TLDR: In this paper, a design of the ethanol sensor based on ZnO-SnO 2 heterostructure is reported, and the performance of the fabricated sensors is systematically investigated, which reveal that the hollow shell structure enhances the sensing performance and shortens the response and recovery time.
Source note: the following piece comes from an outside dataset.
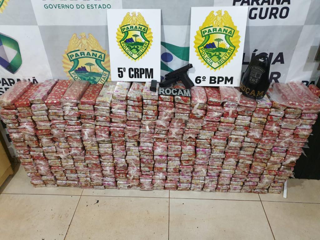 Em meio as caixas os policiais localizaram uma grande quantidade de tabletes de maconha e também uma arma de fogo que estava com a numeração suprimida.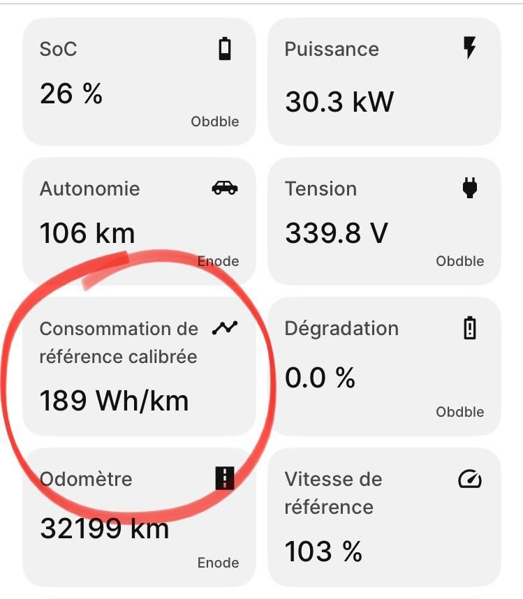 Hello, La LEAF est (très) pessimiste (au tableau de bord) sous les 50%, que ce soit pour l'autonomie restante estimée en km ou pour le % de batterie. Votre capture Leaf Spy montre bien qu'il restait presque 10% de batterie de plus qu'affiché. Ca explique que ça descende "aussi vite". à 105 km/h c'est plutôt 18-20 kWh/100 km que 15 oui Pour la suite les conseils donnés ont été les bons : il faut que le BMS soit bien calibrée, ça passe par plusieurs cycles de charge / décharge avec des charges lentes à 100% (lentes = en AC donc 10, 16 ou 32A avec une wallbox), en laissant la voiture se reposer à des % de batterie différents. Pour faire simple : rouler sans se prendre la tête et recharger la voiture à 100% (dans l'idéal avant de partir pour qu'elle ne reste pas à 100% trop longtemps). -

Abstract: Designing composite nanomaterials is one of the most important key techniques for improving gas sensing performance. In this paper, a design of the ethanol sensor based on ZnO–SnO 2 heterostructure is reported. The hollow SnO 2 nanofibers are first synthesized by using the electrospinning method, and then the ZnO shell is subsequently grown on the fibers via the hydrothermal method. The ZnO–SnO 2 core–shell structure is confirmed by X-ray diffraction (XRD), energy dispersive spectrometer (EDS), scanning electron microcopy (SEM), transmission electron microscopy (TEM) and elemental mapping analysis. The gas sensing behaviors of the fabricated sensors are systematically investigated. Under optimum operating temperature (200 °C) at 100 ppm ethanol, the response of ZnO–SnO 2 sensor is 392.29, which is 11 times larger than that of SnO 2 sensor (about 35.02). The response and recovery time of ZnO–SnO 2 sensor are 75 s and 12 s, while that of SnO 2 sensor are 86 s and 14 s, respectively. The results reveal that ZnO–SnO 2 core–shell structure enhances the sensing performance and shortens the response/recovery time, which is attributed to unique hollow structure, oxygen vacancies and n–n heterojunction. In addition, the energy band structure of ZnO–SnO 2 heterojunction and the ethanol sensing mechanism are analyzed.